::: Given data

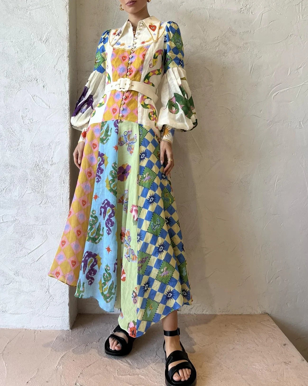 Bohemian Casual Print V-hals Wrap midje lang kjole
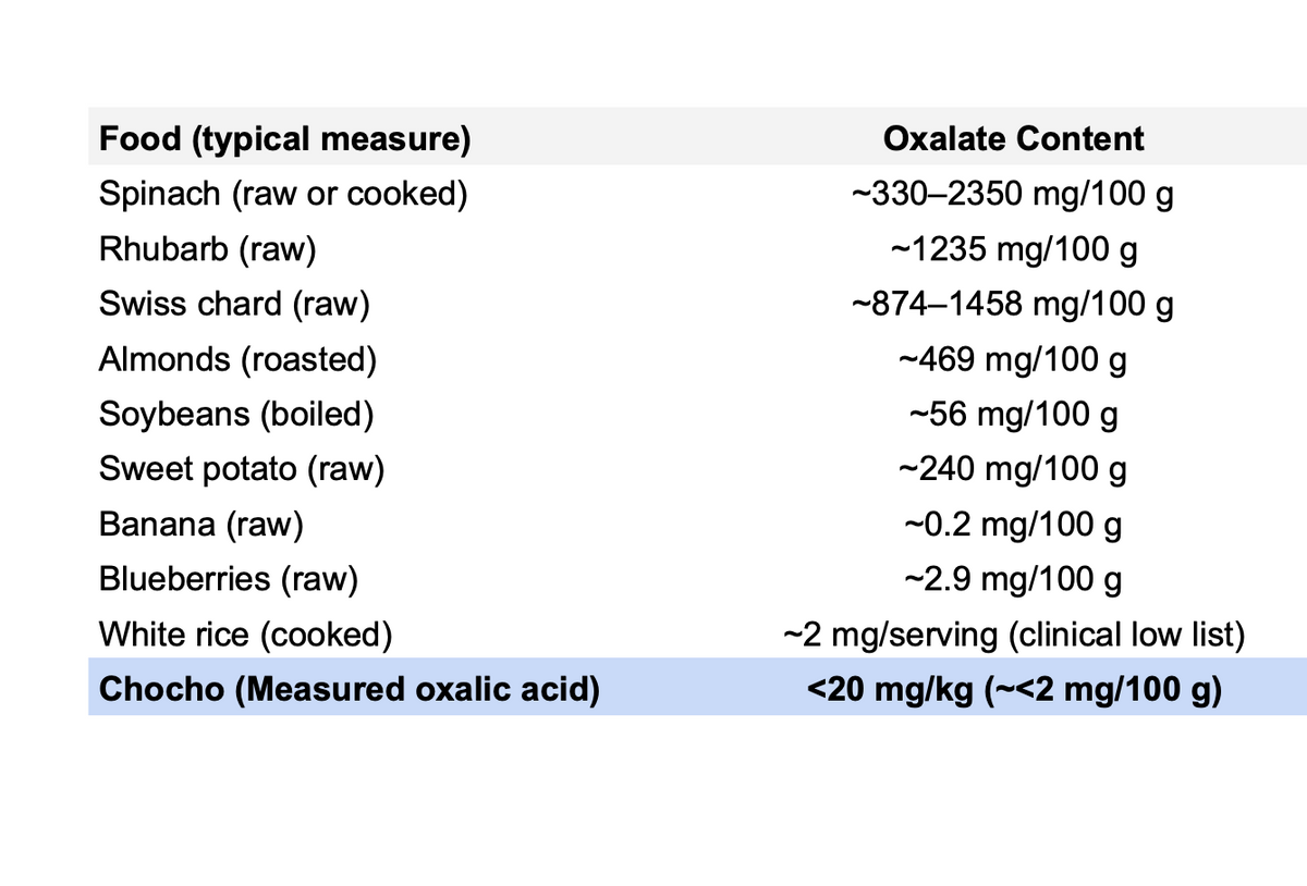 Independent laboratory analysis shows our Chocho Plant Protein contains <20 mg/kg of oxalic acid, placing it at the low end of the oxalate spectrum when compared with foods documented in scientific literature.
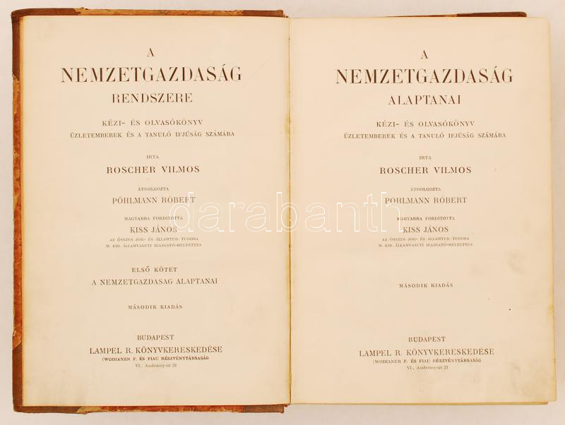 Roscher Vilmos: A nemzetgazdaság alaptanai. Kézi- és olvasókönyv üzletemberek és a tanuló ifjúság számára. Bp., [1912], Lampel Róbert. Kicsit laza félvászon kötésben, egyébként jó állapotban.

::::::

**Problem**
Your response must consist of the lines from the beginning of the data through the line containing "Independent laboratory analysis", transcribed exactly, with no pictures.

**Output**
 Bohemian Casual Print V-hals Wrap midje lang kjole
 Independent laboratory analysis shows our Chocho Plant Protein contains <20 mg/kg of oxalic acid, placing it at the low end of the oxalate spectrum when compared with foods documented in scientific literature.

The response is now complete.